Context. For many radars, the autonomous systems of the non-noise-like aerial targets (AT) detection and the noise radiating sources (NRS) localization (direction-of-arrival estimation) may be replaced with a single detection-localization system, which carries out the common operations of the AT-detection and the NRS-localization only once. For such a system, groups of noneigenvalue and eigenvalue decomposition based “super-resolving” spectral estimation (SE) methods are considered to substantiate efficient one for the NRS-localization.
 Objective. The comparative analysis efficiency of the SE-methods of different groups by a set of criteria and recommendations on their practical application.

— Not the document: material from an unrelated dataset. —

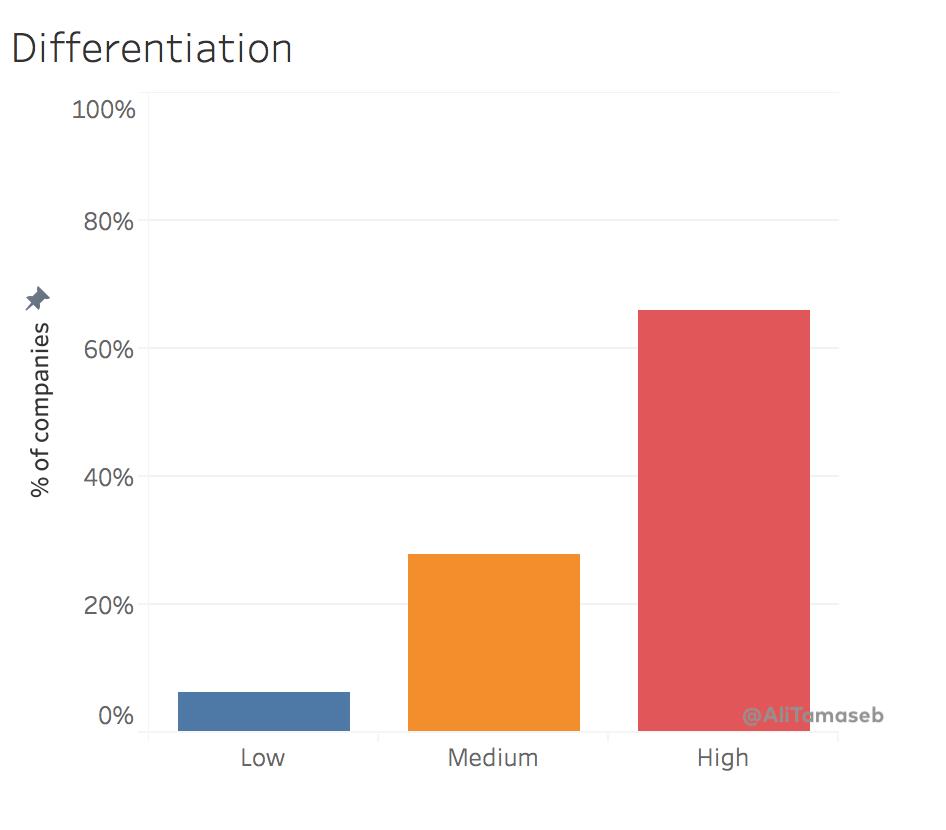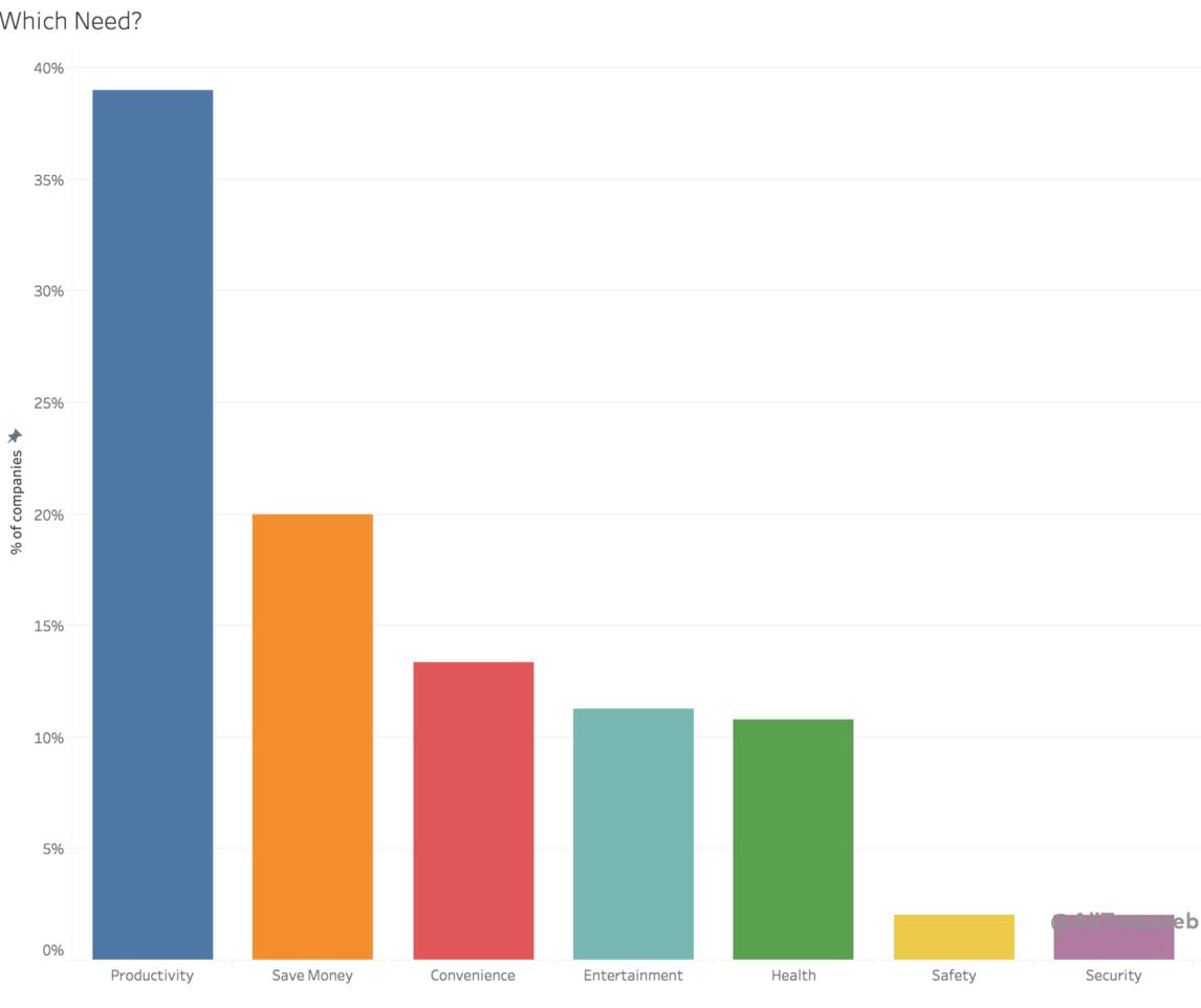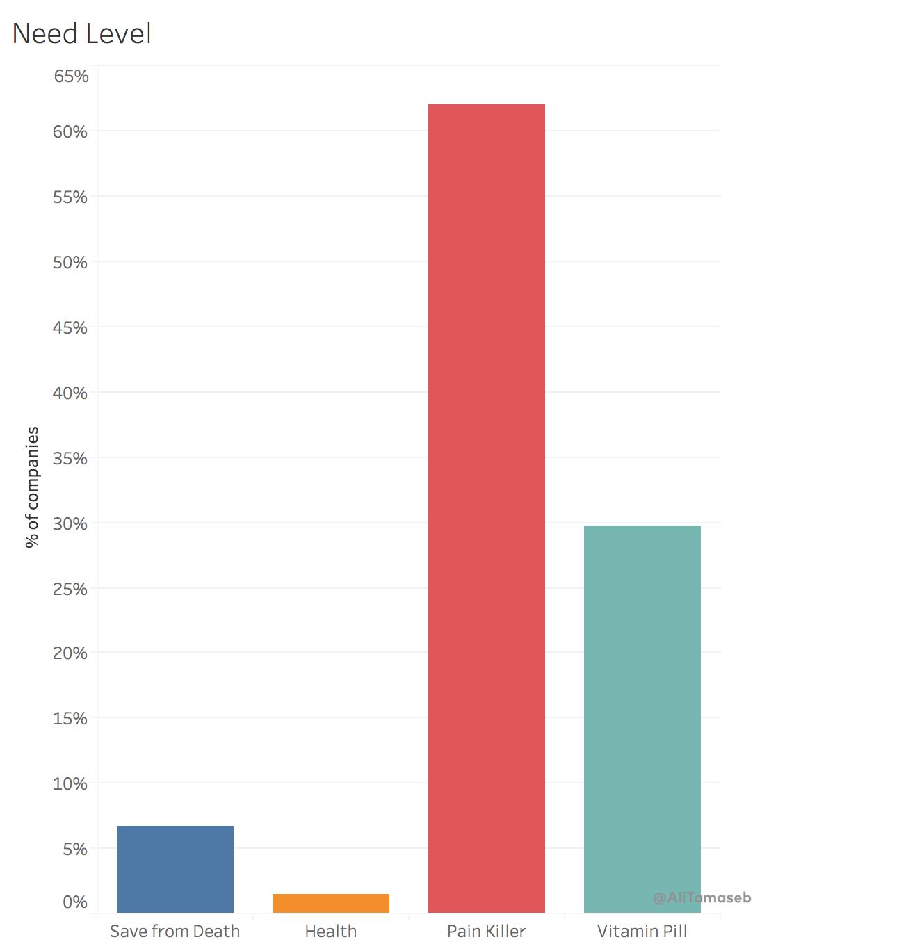 超过60%的公司正在消除一个明确的痛点。大约30%的公司只是简单地把事情做得更好(也就是说,你可以在没有它们的情况下生活/工作,但是它们会显著改善你的生活/工作)。

 Method. The methods’ efficiency is analyzed analytically, under simulation results and their comparison with new results presented in the open literature. In the simulation, a well-grounded and practically examined software-algorithmic basis of adaptive lattice filters for nonparametric SE-methods implementation is used.
 The results. It is shown that the SE-methods of both groups have no restrictions on the antenna array configuration (flat, ring, etc.), including when used in non-equal spaced “sparse” antenna arrays with inter-element distances of more than half radar wavelength. A comparison is made on the resolution (determination of the NRS number) and the NRS-localization (direction-of-arrival estimation) efficiency by methods of different groups when using various antenna arrays. It is shown that the methods of the first group (non-eigenvalue based) in terms of the probability of correct resolution, are almost not inferior to the known and new methods of the second group (eigenvalue ones). Based on the set of criteria and practical application conditions for direction-of-arrival estimation of the noise radiating sources, it is recommended to use the Capon’s minimum variance method if there are limitations on the computational complexity of the method. In the absence of such restrictions, it is advisable to use the SE-bank of methods.
 Conclusions. For the practical implementation of a joint system of the non-noise-like aerial target detection and the noise radiating sources localization, a structural-algorithmic basis of adaptive lattice filters is preferred. Using latter, along with the weight vector forming for the target detection, it is possible to implement not only the Capon’s method, but also a SE-bank of methods by combining the squares of absolute values of its original vectors’ components.